OpenClaw, Dissected: One Daemon, Many Mouths, and a Folder of Markdown
Why OpenClaw hit 347k GitHub stars in five months — a layer-by-layer walkthrough of the architecture, the markdown-as-memory trick, and the recursion that makes it feel magical.
A few weeks ago I started reading the OpenClaw codebase because my company asked me to give an internal presentation on it. I went in skeptical — every "open-source AI agent" I'd looked at before had been a thin LangChain wrapper with a Discord bot stapled to the side. OpenClaw is different. It's the first one where I came out the other end thinking oh, the shape of this is actually right.
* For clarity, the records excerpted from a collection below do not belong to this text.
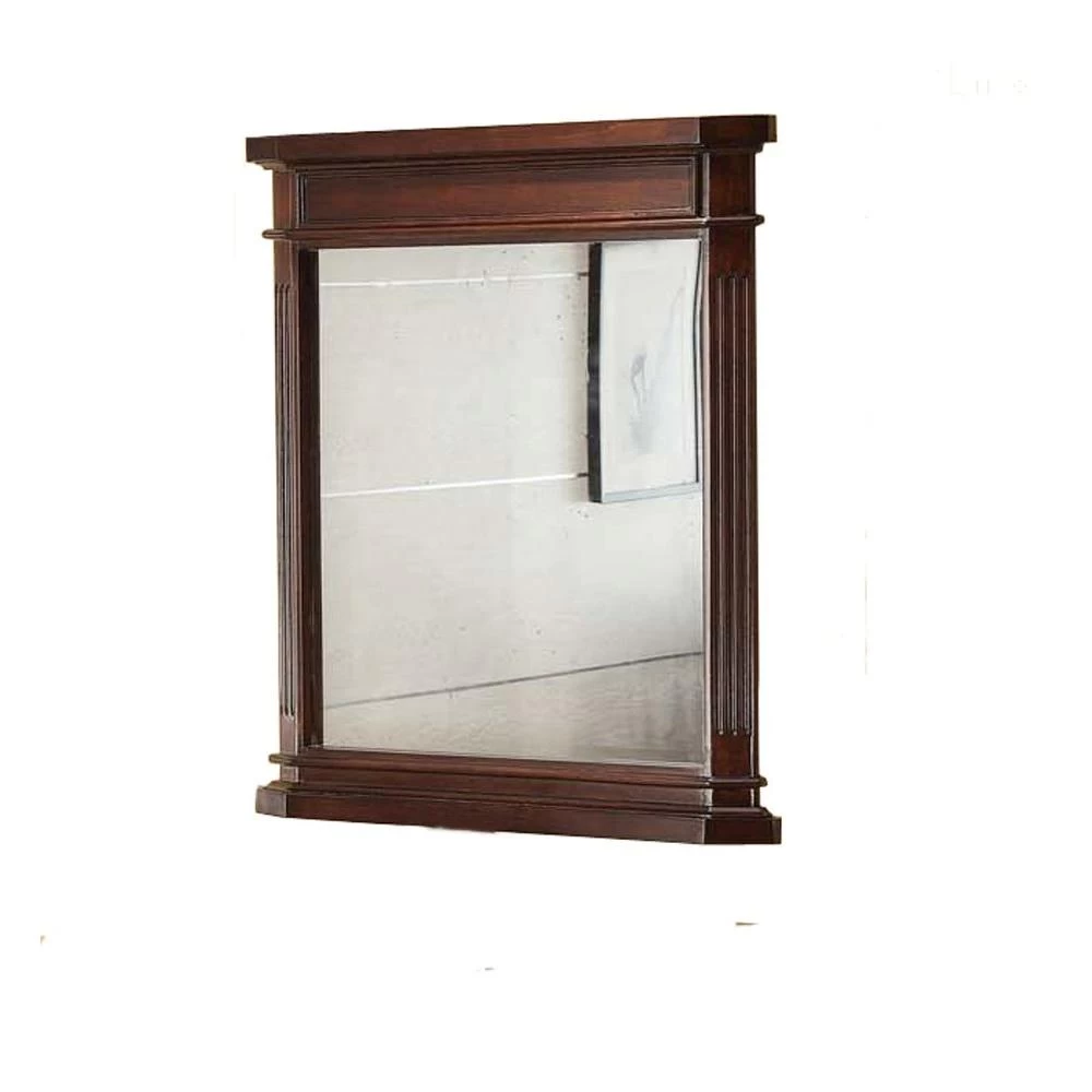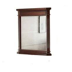 The 26 in. W x 30-1/8 in. H x 2-3/16 in. D Mirror in Cherry is hanging on the wall and is ideal for saving space. Cherry finish is sure to complement your decor. With its clean and classic design to pair it with a matching vanity for a coordinated set.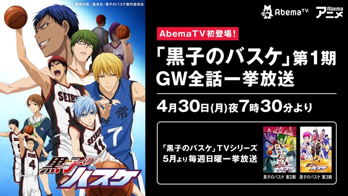 AbemaTVの“Abemaアニメチャンネル”にて、TVアニメ『黒子のバスケ』第1期一挙放送がゴールデンウイークに6夜連続で行われる。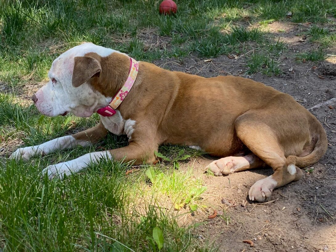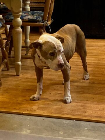 With a roof over her head, proper care, and plenty of good food, Spirit improved visibly. By the end of her first month with us, her coat was shinier, she had gained weight, and her sores were almost entirely healed. We looked forward to her full recovery and watching her go on to a long life as a beloved senior pet. The vet told us she was only about eight, which is at the very low end of senior for a pittie. She should have had many good years ahead of her. It wasn’t to be.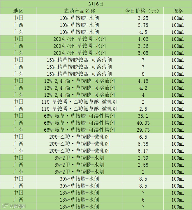10%- 草铵膦 - 水剂:中国 3.25 元、广西 2.78 元、广东 4.5 元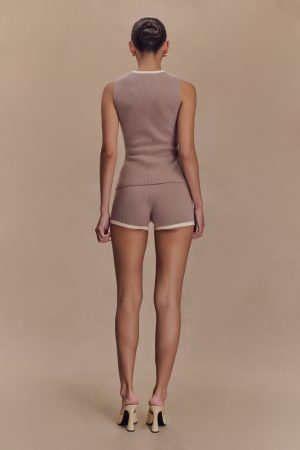 Elevate your casual wardrobe with the JULIANNE Contrast Knit Shorts. a stylish blend of comfort and flair. These high-waisted shorts feature a mini length that elongates your silhouette. while the contrast waistband and hem add a striking visual touch. Crafted from a soft knit fabric. they offer both a cozy feel and a chic aesthetic. Pair effortlessly with the for a coordinated ensemble that’s perfect for relaxed weekends or casual outings with a stylish twist.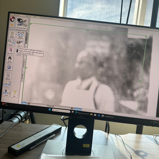 Also amongst my belongings that day were the Gladden film negatives I shared in last week’s blog. I had hoped to digitize the images stored on it during my busy day on campus. After the RICHES meeting concluded, I worked on the Gladden Digital Archive while waiting for Geoffrey Cravero for our appointment at the CHDR lab. We soon discovered that the microfilm scanner housed by CHDR was quite difficult to operate, especially since the film negatives are not attached to a reel. Geoffrey and I learned from the CHDR team that this particular scanner had not been used in three years! Although we couldn't digitize the Gladden negatives, Geoffrey and I gained partial insight into the contents of these intriguing images. In the attached photos, you will find an image of the scanner (a ScanPro3500), a brief view of Joseph Cauley, and most excitingly, what seems to be Michael Gladden Jr. standing outside his storefront. Geoffrey plans to meet with Mike from the CHDR team to learn how to use the software associated with the microfilm scanner before next week. Hopefully, we can set our sights on another scanning session soon!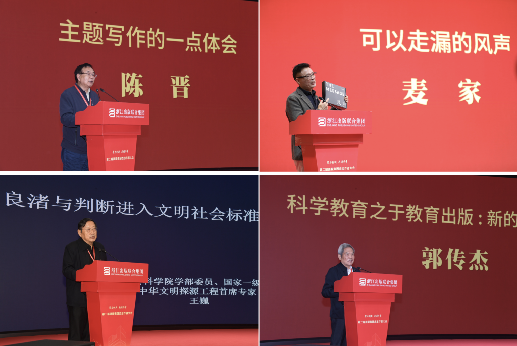 在主旨演讲环节,杰出作者代表、原中共中央文献研究室副主任陈晋以“主题写作的一点体会”为题,茅盾文学奖得主、中国作家协会副主席麦家以“可以走漏的风声”为题,中国社会科学院学部委员、中华文明探源工程首席专家王巍以“良渚与判断进入文明社会标准的中国方案”为题,国际欧亚科学院院士、国家教育咨询委员郭传杰以“科学教育之于教育出版:新的挑战与机遇”为题分别发表精彩演说,分享创作心得与行业洞见。大会期间,浙版集团还组织了新书首发、读者见面、图书签售、阅读分享等系列活动,回馈广大读者。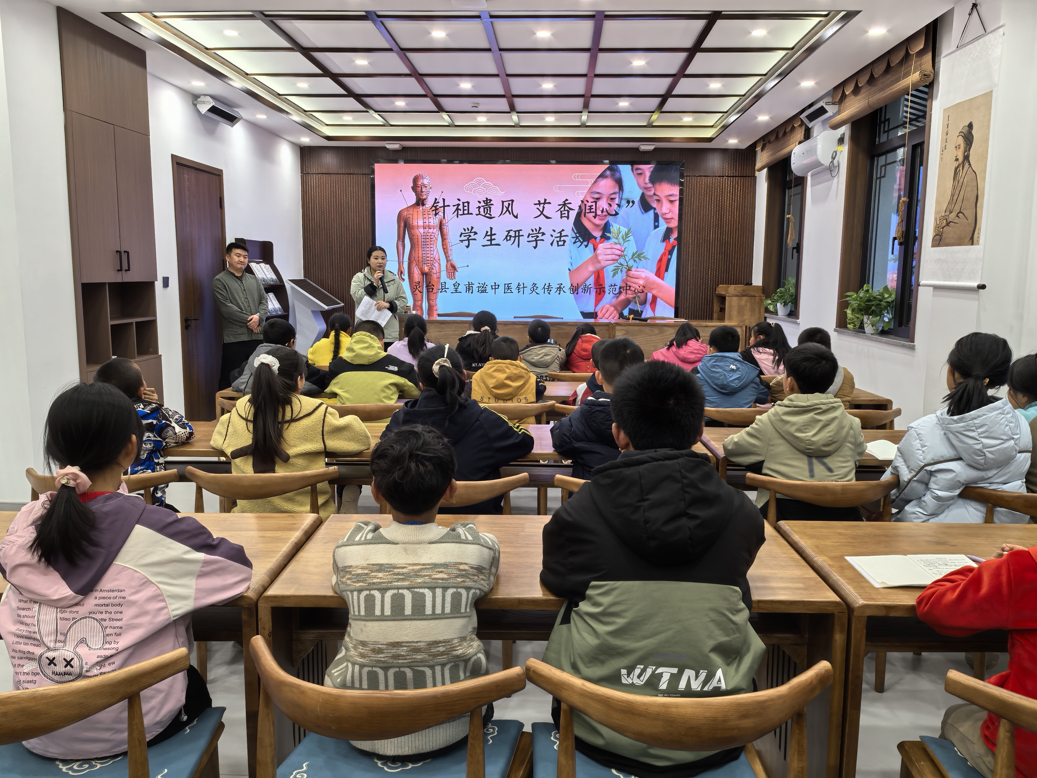随后,同学们来到皇甫谧中医针灸传承创新示范中心,有序参观场馆布局与展品陈设,直观感受中医针灸文化的传承脉络与创新发展。场馆工作人员结合青少年的认知特点,用通俗易懂、生动有趣的语言,为孩子们讲解中医针灸基础知识,把抽象的传统文化转化为鲜活可感的知识内容,让大家听得懂、记得牢,进一步加深了对中医文化的认知、理解与文化认同,让传统文化在青少年心中生根发芽。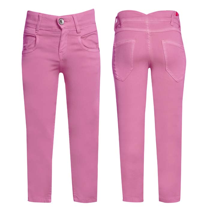 Брюки для девочки из текстиля розового цвета. На передних половинках боковые карманы. На задних половинках кокетки и два накладных кармана.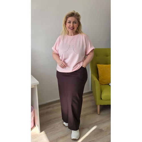 Блуза из трикотажа, немного расширена к низу, с цельнокроеными рукавами и отворотами. Спереди выполнена аппликация из страз разного размера. Блуза подойдет для прогулок, посиделок с друзьями, похода в кафе и отдыха. Модель свободного кроя органично впишется в гардероб, всегда будет элегантной и уместной, эта модель «вне времени» и будет актуальна в следующих сезонах. Блуза комфортна в носке на каждый день, создает женственный, игривый и элегантный образ. Мы используем материалы высокого качества, делаем акцент на фигуру и современный крой, что позволяет нашим изделиям не терять актуальности, а для вас служить выгодным приобретением. Длина блузы 62 см, длина рукава 26,5 см (р 52-56), 29,5 см (р 58-62).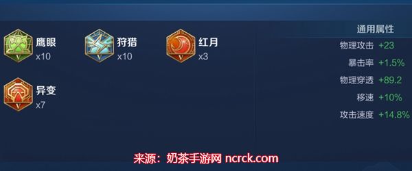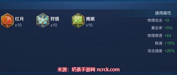 4、第二套铭文搭配:10红月、10狩猎、10鹰眼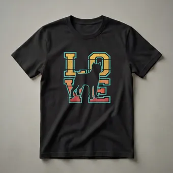 - Features a Brussels Griffon silhouette artfully integrated within the word 'LOVE'.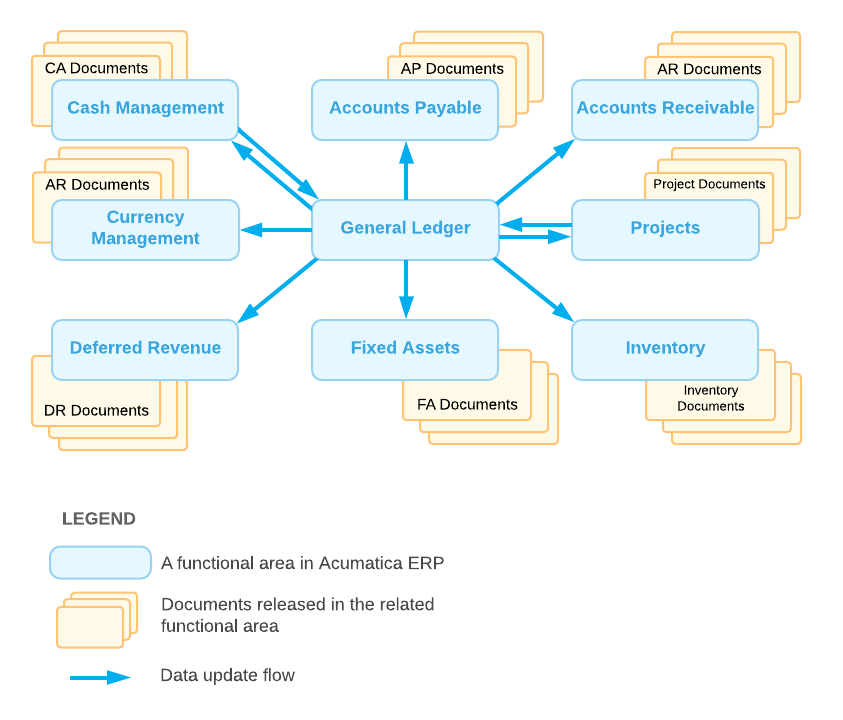 The general ledger is the central functional area of MYOB Acumatica, offering integration with other subledgers and functional areas and giving instant access to mission-critical financial data. You use the general ledger and its forms to perform a variety of procedures related to processing financial transactions, which are briefly described in the following sections of this topic.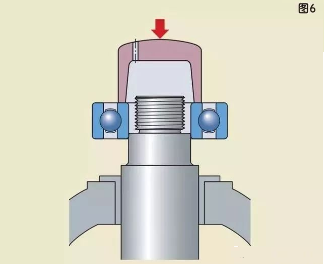 安裝內圈過盈配合的軸承時,不能通過外圈和滾動體把力傳遞給內圈。這會把軸承滾道和滾動體表面敲壞,使軸承在運轉時產生噪音并提前損壞。正確的方法應該用套筒直接把力作用在內圈端面上。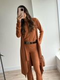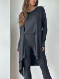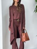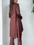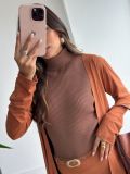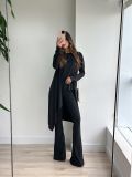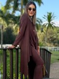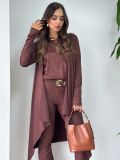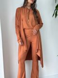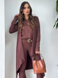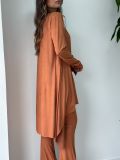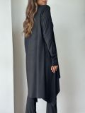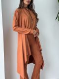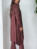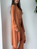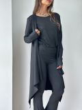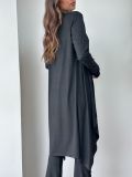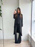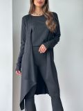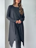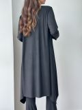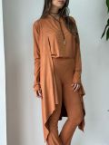 Com comprimento próximo ao joelho, ela tem aquele caimento leve e elegante. As mangas são compridas, o acabamento é a fio (bem moderno!), e o charme principal fica por conta dos recortes em bico na frente, que criam um efeito de pala super diferenciado.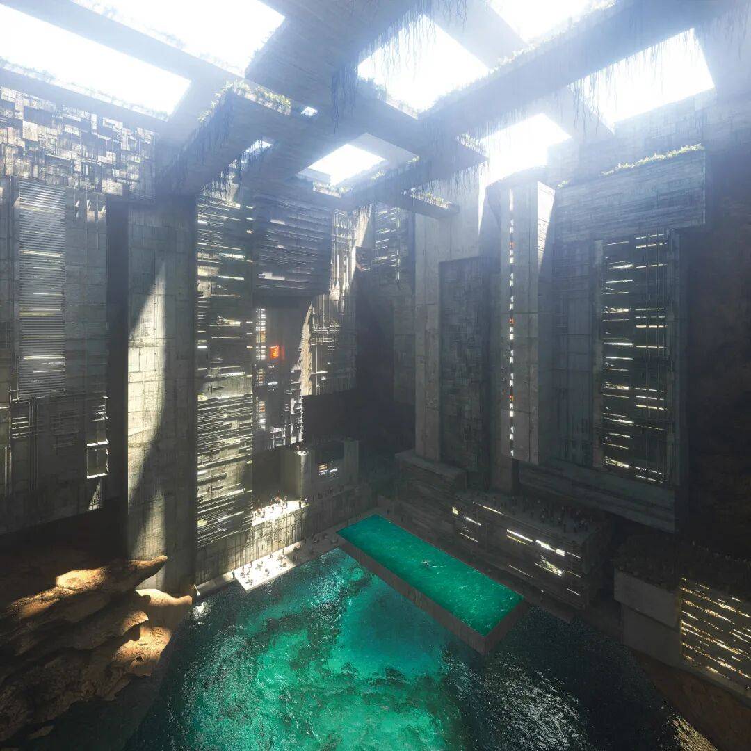 粗犷的混凝土墙体上,穿插着露台、水池甚至室内瀑布,有种末日废土风混合精致度假感的奇妙张力。
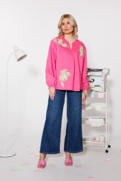 Блуза из хлопка с вышивкой и вырезом В-образной формы KOKOdea 4.26_розовый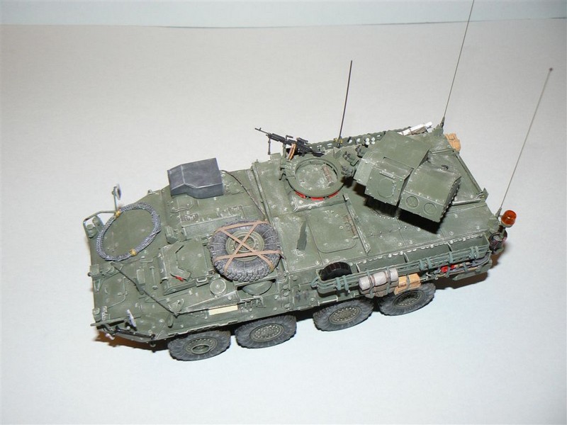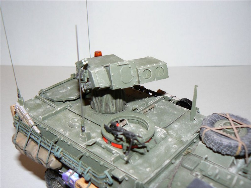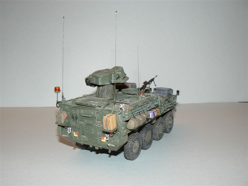 Zum Bau des M 1134 ATGM kann ich nur sagen, das Mir der Bausatz sehr viel Spaß gemacht hat. Passgenauigkeit und Detaillierung sind sehr gut. Aber auch dieser Bausatz ist nicht ganz Fehlerfrei. Die MG Halterung ist Falsch und sollte selbst gebaut werden. Rundum Warnleuchte und das Signalhorn habe ich aus dem Stryker Upgrade Satz von AFV entnommen. Die Warnleuchte wird ab den M 1132 vorhanden sein. Auch wird die Qualität der Bausätze von mal zu Mal besser.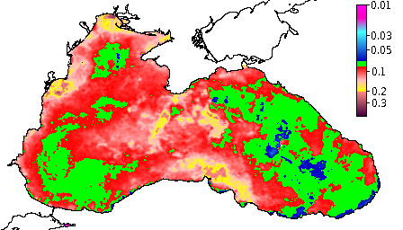 Colored Detrital Matter, aCDM(490),m^-1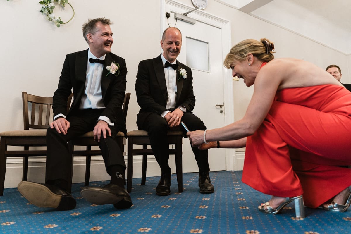 Sharon and Mark’s epic Guildford wedding used not 1, not 2, but 3 beautiful Guildford wedding venues, which prompted me to make this post about my top 10 Guildford wedding venues. Their day started with Sharon getting ready in a stunning Air B&B in nearby in Woking, while Mark got ready with family at home in Guildford, before meeting up with friend at Ye Olde Ship Inn just opposite the Guildford Register Office. The Register office in Guildford, which also known as Artington House is famed for being the place where Peter Sellers and Britt Ekland married in the 60s.
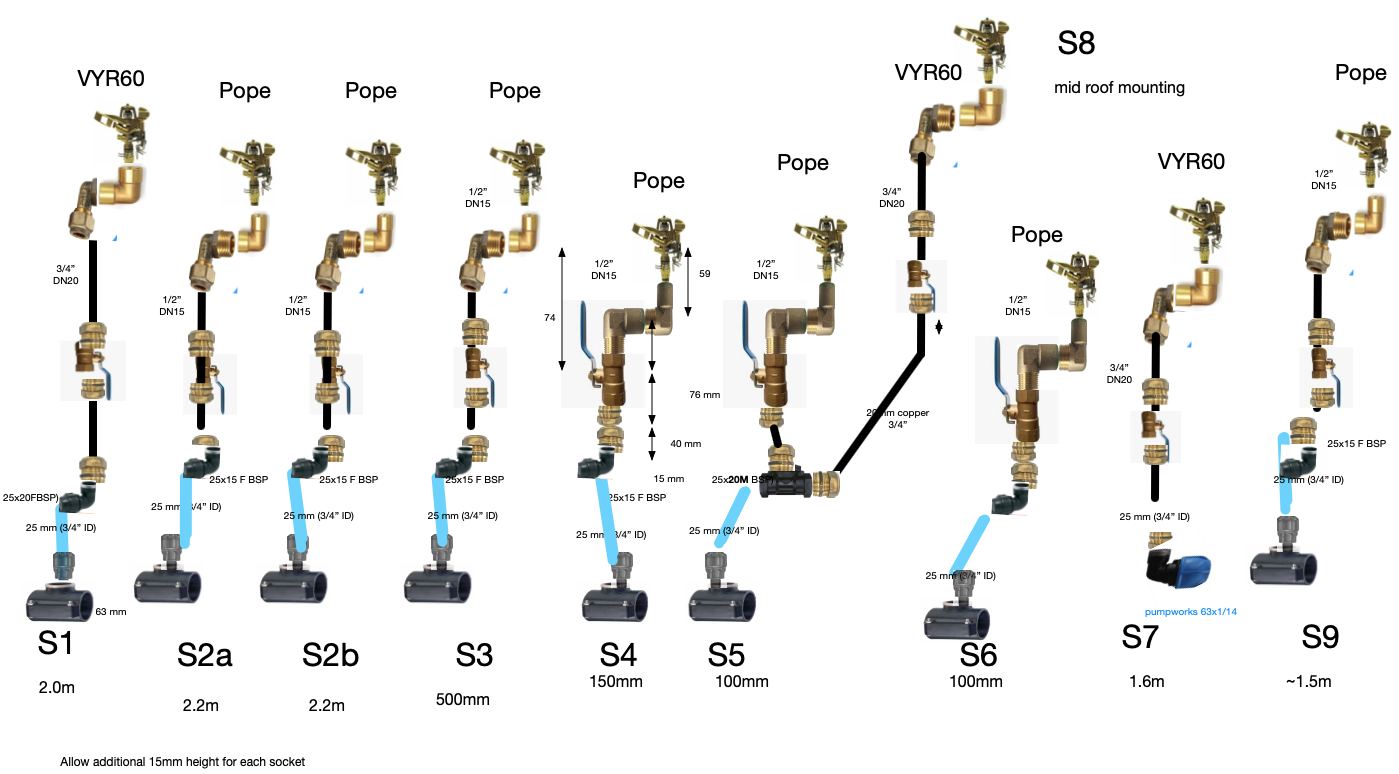 ARMAC's design philosophy recognizes that most houses destroyed in bushfires succumb to ember attack either before or after the fire front passes, rather than during the brief 15-30 minute fire front transit itself. This observation drives the system toward intermittent operation at lower flow rates over extended periods, rather than massive water application during a short window. The standoff impact sprinkler approach allows comprehensive surface wetting including difficult-to-reach areas beneath eaves, while adjustable spray patterns enable precise targeting of vulnerable surfaces. The system operates in five distinct modes ranging from gravity-fed shed cooling (minimal water use) through intermittent low-volume spray (hours of coverage) to continuous high-volume defence (with a delivery time of about 30 min), with each mode appropriate to different threat conditions.
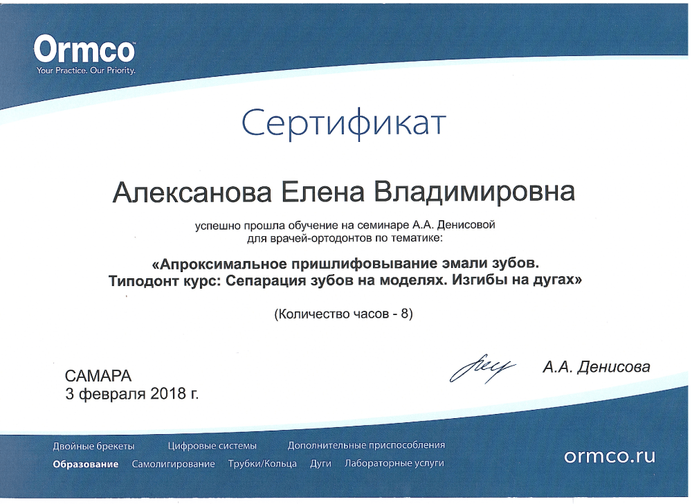 Февраль 2018 - Сертификат «Апроксимальное прошлифовывание эмали зубов. Типодонт курс — Сепарация зубов на моделях. Изгибы на дугах».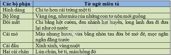 Chúng có bộ lông vàng óng. Một màu vàng đáng yêu như màu của những con tơ nõn mới guồng. Nhưng đẹp nhất là đôi mắt với cái mỏ. Đôi mắt chỉ bằng hột cườm, đen nhánh hạt huyền, lúc nào cũng long lanh đưa đi đưa lại như có nước, làm hoạt động hai con ngươi bóng mỡ. Một cái mỏ màu nhung hươu, vừa bằng ngón tay đứa bé mới đẻ và có lẽ cũng mềm như thế, mọc ngăn ngắn đằng trước. Cái đầu xinh xinh, vàng nuột và ở dưới bụng, lủn chủn hai cái chân bé tí màu đỏ hồng.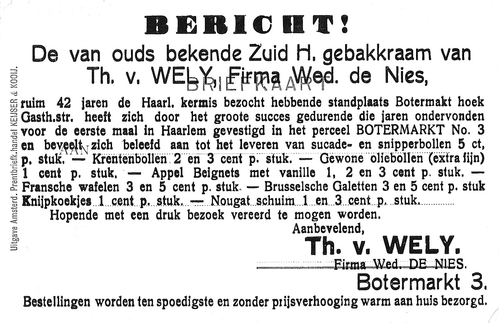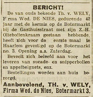 Haarlem tijdens de kermis als 'wed. W. De Nies'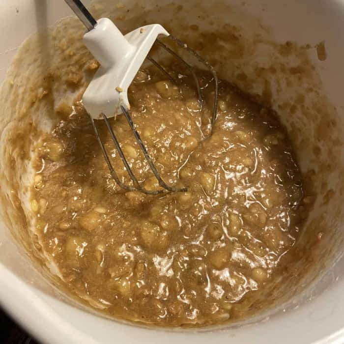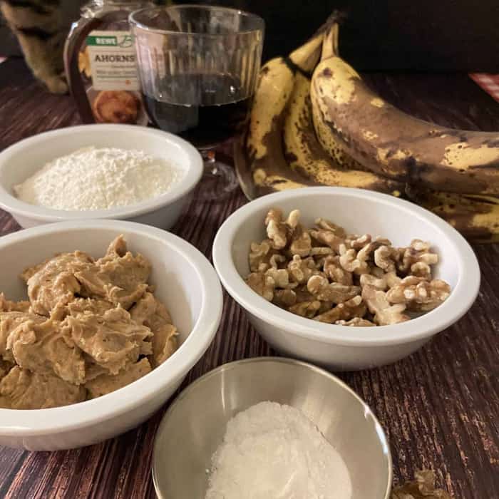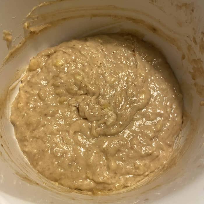 Erst alle trockenen Anteile miteinander, dann die Bananen fein zermatschen und mit Erdnussbutter und Sirup vermengen und löffelweise den Mehlmix unterrühren.

This is the same explainer I gave the team, written down. If you're trying to figure out why OpenClaw hit 347,000 GitHub stars in five months, the short version is: it's not new ML, it's good plumbing. The long version is the rest of this post.
What OpenClaw actually is
OpenClaw is a self-hosted runtime for a personal AI agent. It runs as a long-lived daemon on your machine. Messaging platforms — WhatsApp, Telegram, Discord, iMessage, Slack, and twenty-odd others — connect into it. It calls an LLM (Claude, GPT, or a local model), executes tools on your behalf, remembers things across conversations, and can extend itself with new "skills" that are literally just folders of markdown.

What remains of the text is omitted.